In addition, the rosy forecasts of jobs created by the second airport overstate the traffic potential of the new airport. To the extent that new knowledge jobs are created, their higher salaries will put more pressure on housing prices and so increase affordability problems for supporting service workers, making compensatory measures to increase affordable housing supply more urgent.
In addition, the transport priority it gives to a new city around Sydney’s second airport comes at the expense of rail connections that would make Parramatta a stronger alternative to central Sydney for jobs.
“The strategy’s emphasis on ensuring that the planned Western Parkland City around the second airport is as self-contained as possible, means that opportunities for better access to jobs and services in the strategy’s Central (Parramatta) and Eastern Cities over the planning period to 2036 are given lower priority,” said Associate Professor Glen Searle.
“The potential for building Parramatta into a genuine second metropolitan CBD that can seriously challenge the central Sydney CBD for knowledge jobs, by prioritising new rail connections, has not been adequately realised.”
Climate
Carbon reductions through high-density development around train stations are countered by the continuation of motorway projects, especially in inner and middle suburbs.
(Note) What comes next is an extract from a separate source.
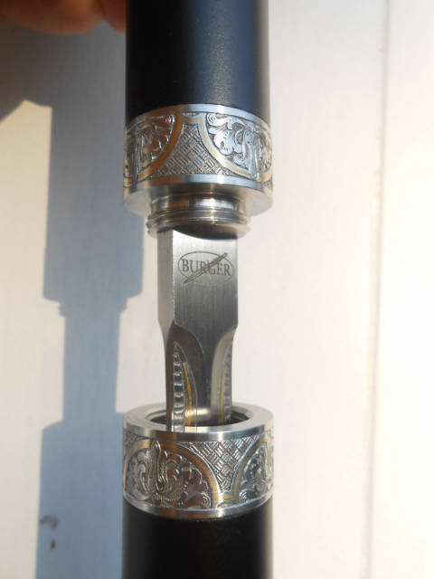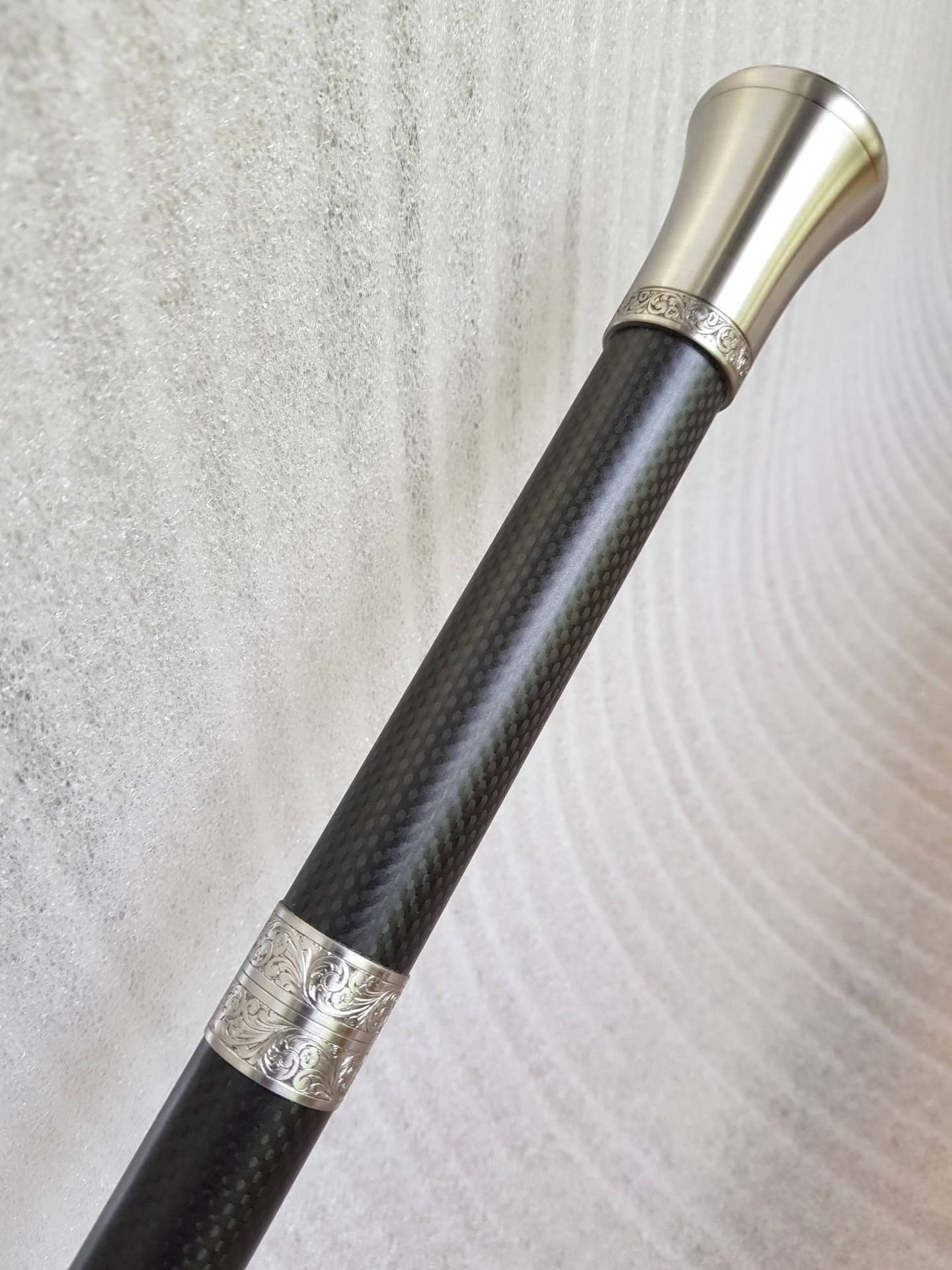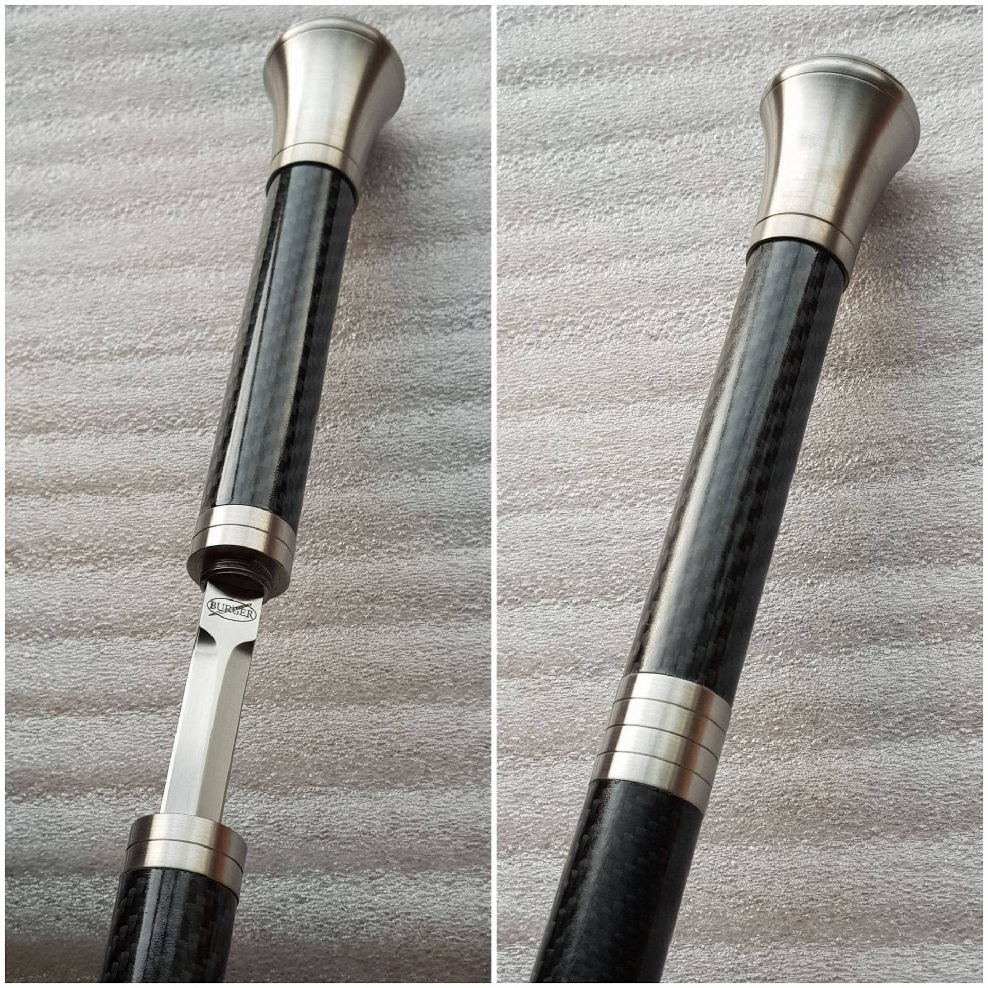 Incorporating the same beautiful rapier style double edged blade as found in the MK2 & Country Cane sword cane range. The Hiker Staff incorporates the larger diameter (26mm) carbon composite shaft in matt black or woven carbon finish (woven carbon option adds $110-) and with a multi surface ferrule (tip). The standard Hiker Staff comes with our very popular, Turned Tamboti handle. And with the unique short thread locking action collars in 303 s/s allowing the blade to be extracted with two and a quarter quick turns of the handle. Offering a very secure, discreet, rugged and rattle free functionality to this hardworking Hiker Staff design. The perfect companion when you find yourself OFF the beaten track!!

Also, the strategy proposes construction of a new city around the second airport. This is located in the hottest part of the Sydney Basin, which has inadequate provisions to offset high summer temperatures. It does not consider the possibility of urban expansion into areas that are cooler than western Sydney such as Dural or the Central Coast. While such areas have potentially higher development costs and less accessible jobs requiring new transport links, these costs could be less than the added environmental costs of continuing to build houses in outer western Sydney. The state’s new transport strategy proposes a high-speed rail line to the Central Coast, which would give much improved access to central Sydney jobs.
Housing
There is little attempt to help tackle the housing affordability crisis in Sydney, such as getting developers to provide a share of housing for lower income households in return for windfall property price increases when land is rezoned from rural to urban or to higher densities.
The power of the housing development industry has caused the strategy to adopt a minimalist requirement for developers to include affordable housing. This exacerbates a lack of affordable housing policies elsewhere by the state government and a similar lack at the federal government level.
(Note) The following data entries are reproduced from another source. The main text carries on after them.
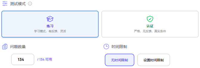 - 认证模式:旨在模拟官方认证考试,包括与真实考试相同的问题数量和时间限制。
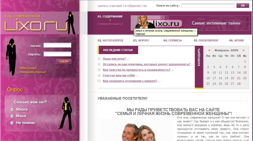 Необходимо сделать частичный редизайн сайта lixo.ru, а именно - переделать левую часть (которая с развратной женщиной).
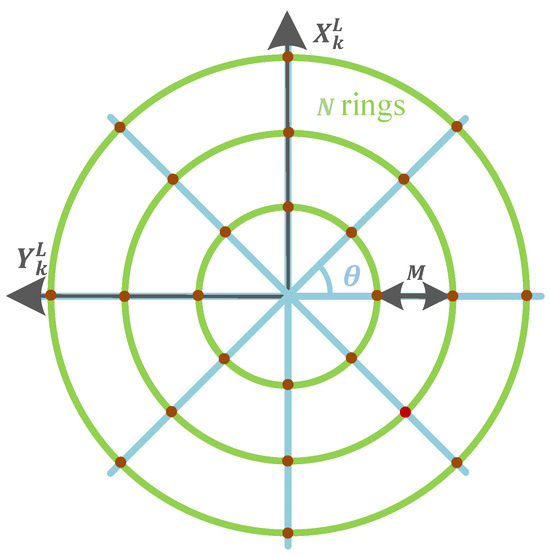 Then, we translate the position of the LiDAR scan by meters along the X-axis, Y-axis, and diagonally at a angle in the current LiDAR local coordinate system to generate multiple virtual positions, as shown in Figure 2. Where , M is the distance between rings, N is the number of rings, and represents the translation direction angle, where . The blue lines representing the translation directions intersect with the green rings at dark red points, which correspond to the virtual positions.
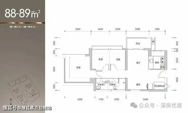 07户型89平米折扣后318-325万南北通透
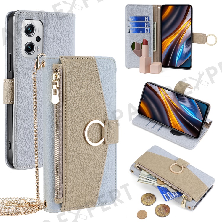 Leather Case for Xiaomi Redmi Note 11T Pro 5G / Note 11T Pro+ 5G / K50i 5G / Note 12T Pro 5G / Poco X4 GT 5G Crossbody Phone Cover - Blue

Associate Professor Glen Searle explains that despite the above, the Three Cities strategy marks a significant departure over other recent Sydney strategies: “The creation of the Greater Sydney Commission has allowed fresh thinking to be brought into the city’s strategic planning. This is a very positive step. Despite the criticisms made in the paper, a bold but arguably flawed vision is to be welcomed for broadening the discourse about options for Sydney’s future.”
Flawed Vision? Sydney’s Three Cities Metropolitan Strategy is co-authored by Associate Professor Glen Searle from the University of Sydney and Professor Emeritus Kevin O’Connor from the University of Melbourne.